Tytuł: "Kroniki skrzatów. Część 1: Marbella"
Cykl: Kroniki skrzatów. Część 1
Autor:
Wydawnictwo: Novae Res
Ilość stron: 496
Data wydania: 01-01-2012
Moja ocena: 7/10
Na baśniowych ścieżkach spotkałam:
-
rodzinę olbrzymów: mamę Ambę,
tatę Mobiego, ich synka Teodora i przysposobionego skrzata Pokrzywka oraz psa
Rufiego.
-
Amelkę z babcią i suczką
Tulką.
- złą wróżkę Marbellę.
Trzy wątki przeplatały się z
sobą. Teodor przyjaźni się z Pokrzywkiem, choć różnią się wielkością i musi
uważać, żeby nie zgnieść małego kumpla. Rodzice bardzo dbają o nich obu i
traktują ich jak braci. Zapewniają skrzatowi schronienie i rozrywkę.
Amelka mieszka z babcią. Nie
wiadomo gdzie są jej rodzice. Dziewczynce towarzyszy Tulka, która jest
zazdrosna o jej przytulankę, Kłapka. Z tej złości kiedyś może go rozszarpać.

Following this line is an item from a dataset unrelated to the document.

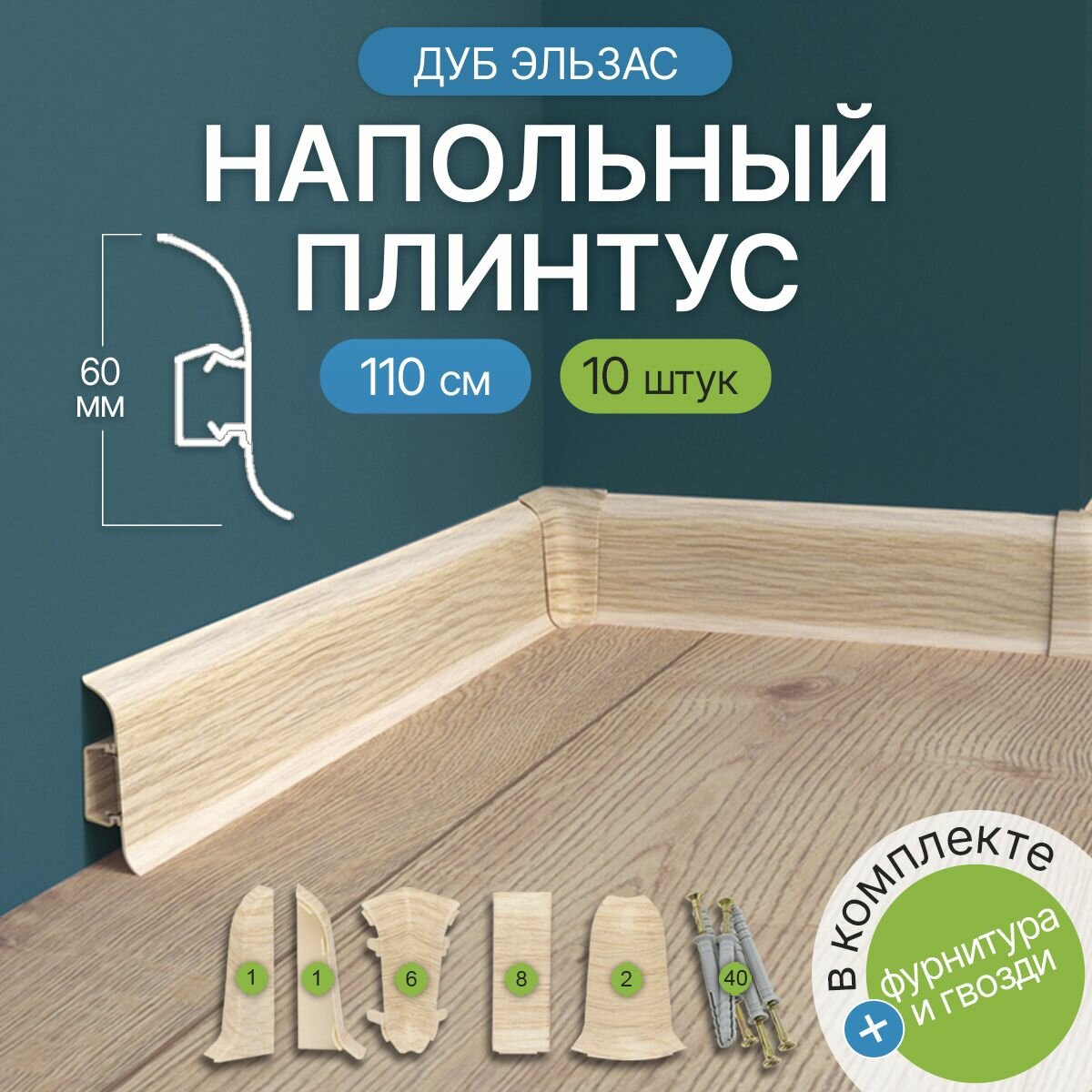 Купить Плинтус напольный, 10шт 1100x60 мм, с кабель-каналом , цвет Дуб Эльзас

Amelka szykuje się do ważnej podróży.
Zamek Marbelli jest najbardziej
tajemniczym miejscem. Spowija go szarość. Gdzie zniknęły wszystkie kolory? Kto
mieszkał kiedyś w pokoju, zajmowanym przez Gutka? Gutek to ślizgutek,
niebieskie stworzonko o sześciu rękach. Marbella porwała go od rodziców, by dla
niej sprzątał. Wróżka posiada także małego, kudłatego smoka błotnego, który pod
względem wyglądu i, zachowania przypomina Falkora z Niekończącej się opowieści.

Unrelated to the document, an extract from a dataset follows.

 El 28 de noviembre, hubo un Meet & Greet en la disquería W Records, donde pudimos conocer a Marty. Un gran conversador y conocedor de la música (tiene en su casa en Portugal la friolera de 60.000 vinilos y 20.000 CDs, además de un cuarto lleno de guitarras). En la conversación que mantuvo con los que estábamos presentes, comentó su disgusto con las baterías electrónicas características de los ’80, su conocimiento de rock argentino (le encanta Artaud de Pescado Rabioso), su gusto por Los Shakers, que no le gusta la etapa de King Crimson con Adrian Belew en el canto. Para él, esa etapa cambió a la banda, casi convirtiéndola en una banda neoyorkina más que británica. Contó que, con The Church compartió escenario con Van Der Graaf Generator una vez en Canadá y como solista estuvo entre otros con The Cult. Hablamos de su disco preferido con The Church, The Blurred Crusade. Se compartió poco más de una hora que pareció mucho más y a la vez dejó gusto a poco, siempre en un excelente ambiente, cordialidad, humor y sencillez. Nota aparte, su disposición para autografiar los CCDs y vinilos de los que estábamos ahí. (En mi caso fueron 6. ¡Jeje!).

Zwierzaki są ważnymi postaciami w
bajce. Pomagają swoim małym przyjaciołom. Wyraźnie widać więź dzieci z psami i
Gutka z Serafinem.
Baśń jest pozbawiona przemocy,
autorka stawia na przedstawienie dobrych relacji pomiędzy bohaterami. Nawet ta
czarownica nie jest taka najgorsza. Powtarza sobie, że jest zła, ale widać, że
dba o podległe jej stworzenia. Gutek zaimponował jej swoją pracowitością i
inteligencją, więc zaoferowała mu ciepły kąt i smaczne posiłki. To i tak
niewiele w zamian za niewolniczą pracę i rozdzielenie z rodziną. Marbella
wydaje mi się bardziej smutna i samotna niż zła. Chciałaby mieć przyjaciela,
ale boi się do tego przyznać, nawet sama przed sobą.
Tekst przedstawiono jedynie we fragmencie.